__Problem description__:
Show all lines from the data that include the word "visit".

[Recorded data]
★ ★ ★ ★ ★ ★ ★

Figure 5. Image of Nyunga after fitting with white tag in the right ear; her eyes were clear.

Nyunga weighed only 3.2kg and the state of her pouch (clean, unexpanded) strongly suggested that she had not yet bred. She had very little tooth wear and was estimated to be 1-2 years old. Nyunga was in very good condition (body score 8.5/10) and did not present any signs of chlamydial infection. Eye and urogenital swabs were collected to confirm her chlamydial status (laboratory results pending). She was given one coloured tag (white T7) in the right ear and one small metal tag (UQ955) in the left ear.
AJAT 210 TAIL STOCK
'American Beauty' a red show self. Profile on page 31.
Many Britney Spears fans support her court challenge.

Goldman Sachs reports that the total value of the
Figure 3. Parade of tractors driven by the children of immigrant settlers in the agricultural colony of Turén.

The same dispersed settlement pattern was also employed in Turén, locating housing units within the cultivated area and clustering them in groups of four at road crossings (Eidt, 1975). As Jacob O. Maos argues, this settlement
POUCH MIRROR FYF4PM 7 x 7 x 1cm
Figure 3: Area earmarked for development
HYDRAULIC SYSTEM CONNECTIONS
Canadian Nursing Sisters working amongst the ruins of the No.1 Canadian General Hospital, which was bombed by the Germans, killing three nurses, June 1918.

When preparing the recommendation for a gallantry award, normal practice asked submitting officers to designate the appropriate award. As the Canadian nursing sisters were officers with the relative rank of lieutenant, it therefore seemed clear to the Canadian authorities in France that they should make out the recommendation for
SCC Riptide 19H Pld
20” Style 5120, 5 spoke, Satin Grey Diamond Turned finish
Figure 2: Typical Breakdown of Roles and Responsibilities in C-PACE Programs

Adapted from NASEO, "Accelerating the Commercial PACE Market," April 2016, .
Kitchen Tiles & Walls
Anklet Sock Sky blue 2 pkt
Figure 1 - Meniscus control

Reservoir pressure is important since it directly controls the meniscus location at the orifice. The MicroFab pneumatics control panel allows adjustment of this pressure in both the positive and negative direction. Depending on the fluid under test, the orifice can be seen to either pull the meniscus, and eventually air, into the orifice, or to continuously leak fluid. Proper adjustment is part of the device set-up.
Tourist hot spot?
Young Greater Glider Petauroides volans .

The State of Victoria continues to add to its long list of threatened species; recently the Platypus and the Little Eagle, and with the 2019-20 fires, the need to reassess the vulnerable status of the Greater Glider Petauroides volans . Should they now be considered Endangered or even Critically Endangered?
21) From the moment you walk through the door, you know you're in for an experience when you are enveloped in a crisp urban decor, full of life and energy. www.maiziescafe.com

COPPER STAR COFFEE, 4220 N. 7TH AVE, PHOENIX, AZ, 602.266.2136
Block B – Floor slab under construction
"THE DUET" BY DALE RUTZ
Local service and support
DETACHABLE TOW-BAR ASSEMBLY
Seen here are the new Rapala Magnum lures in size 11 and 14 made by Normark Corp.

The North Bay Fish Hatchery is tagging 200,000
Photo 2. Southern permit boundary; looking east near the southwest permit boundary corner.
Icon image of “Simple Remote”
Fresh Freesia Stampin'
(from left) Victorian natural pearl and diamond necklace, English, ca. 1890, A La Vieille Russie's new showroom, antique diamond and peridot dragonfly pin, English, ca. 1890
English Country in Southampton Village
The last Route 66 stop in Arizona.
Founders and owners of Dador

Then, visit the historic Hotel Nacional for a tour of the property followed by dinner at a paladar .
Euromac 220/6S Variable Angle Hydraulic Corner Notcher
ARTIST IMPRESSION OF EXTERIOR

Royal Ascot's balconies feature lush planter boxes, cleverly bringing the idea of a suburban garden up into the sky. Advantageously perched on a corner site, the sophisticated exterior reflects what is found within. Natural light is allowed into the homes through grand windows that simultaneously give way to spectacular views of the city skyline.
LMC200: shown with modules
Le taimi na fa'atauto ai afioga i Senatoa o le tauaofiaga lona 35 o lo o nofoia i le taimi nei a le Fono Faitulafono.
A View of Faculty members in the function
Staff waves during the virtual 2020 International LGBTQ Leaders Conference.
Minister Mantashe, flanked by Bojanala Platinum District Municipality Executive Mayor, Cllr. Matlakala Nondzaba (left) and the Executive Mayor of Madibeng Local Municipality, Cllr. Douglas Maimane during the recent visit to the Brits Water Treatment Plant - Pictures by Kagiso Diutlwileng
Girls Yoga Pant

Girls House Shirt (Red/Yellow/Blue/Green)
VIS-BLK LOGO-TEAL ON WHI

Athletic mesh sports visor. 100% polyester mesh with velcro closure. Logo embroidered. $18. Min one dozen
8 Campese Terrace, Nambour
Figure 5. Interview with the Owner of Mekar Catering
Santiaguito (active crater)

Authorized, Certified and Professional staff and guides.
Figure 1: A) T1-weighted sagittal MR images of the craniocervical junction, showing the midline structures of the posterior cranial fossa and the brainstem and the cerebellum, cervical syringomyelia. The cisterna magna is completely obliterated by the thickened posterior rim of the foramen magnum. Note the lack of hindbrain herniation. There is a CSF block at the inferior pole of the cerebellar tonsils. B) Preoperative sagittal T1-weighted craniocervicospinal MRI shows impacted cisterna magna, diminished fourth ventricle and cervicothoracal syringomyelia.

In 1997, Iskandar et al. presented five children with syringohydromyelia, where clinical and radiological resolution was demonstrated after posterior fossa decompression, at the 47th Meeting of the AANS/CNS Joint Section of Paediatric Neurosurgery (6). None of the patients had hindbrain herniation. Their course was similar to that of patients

★ ★ ★ ★ ★ ★ ★

__Written answer__:
Then, visit the historic Hotel Nacional for a tour of the property followed by dinner at a paladar .
Minister Mantashe, flanked by Bojanala Platinum District Municipality Executive Mayor, Cllr. Matlakala Nondzaba (left) and the Executive Mayor of Madibeng Local Municipality, Cllr. Douglas Maimane during the recent visit to the Brits Water Treatment Plant - Pictures by Kagiso Diutlwileng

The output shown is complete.